Background: Acute kidney injury is an important issue in chemotherapy receiving patients an neutrophil gelatinase-associated lipocalin has been proposed as a novel marker. We here aimed to assess the role of urinary levels for assessment after platin exposure. Materials and Methods: Patients who had treated with cisplatin or carboplatin or oxaliplatin containg regimens were included in this study. Baseline and postchemotherapy serum urea, creatinine, urine neutrophil gelatinase-associated lipocalin and urine creatinine levels were determined. To avoid the effects of hydration during chemotherapy infusion the urinary neutrophil gelatinase-associated lipocalin/urine creatinine ratio was used to determine acute kidney injury. Results: Of a total of 42 patients receiving platin compounds,14 (33.3%) received cisplatin containing regimens, 14 (33.3%) received carboplatin and 14 (33.3%) oxaliplatin. The median age was 60 (37-76) years.
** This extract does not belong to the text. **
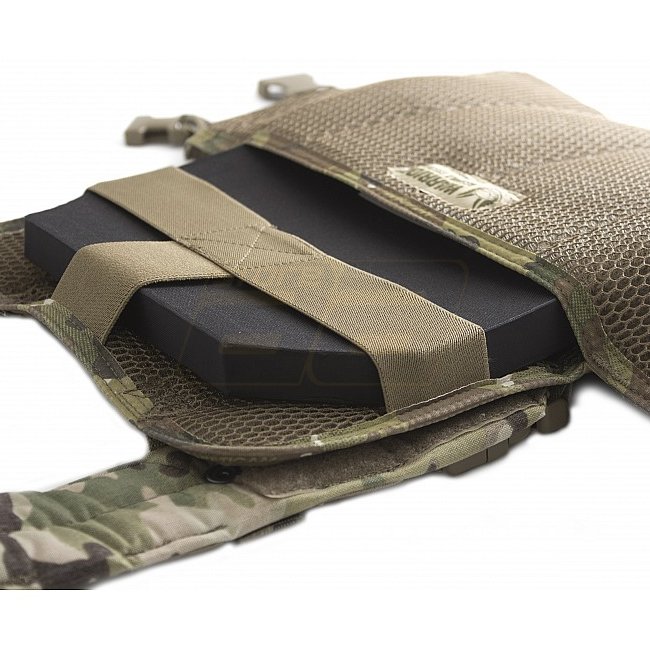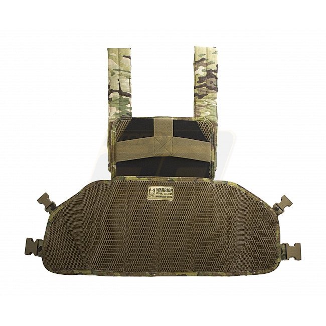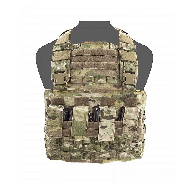 Gilet de combat Gladiator Warrior - Multicam : Plateforme versatile et entièrement ajustable compatible avec des plaques de protection balistique de 10x12 pouces. Comporte 4 poches pour chargeurs, des sangles ajustables, un espaceur en maille 3D pour le c

Nineteen of the patients (45.2%) had lung cancer, 12 (28.6%) colorectal cancer and 11 (26.2%) others. The median pre and post chemotherapy urine neutrophil gelatinase-associated lipocalin/urine creatinin ratio was 15.6 ng/mg and 35.8 ng/mg (p=0.041) in the cisplatin group, 32.5 ng/mg and 86.3 ng/mg (p=0.004) in the carboplatin group and 40.9 ng/mg and 62.3 ng/mg (p=0.243) in the oxaliplatin group. Conclusions: Nephrotoxicity is a serious side effect of chemotherapeutic agentslike cisplatin and carbopaltin, but only to a lower extent oxaliplatin. All platin compounds must be used carefully and urine neutrophil gelatinase-associated lipocalin measurement seems to be promising in detecting acute kidney injury earlier than with creatinine.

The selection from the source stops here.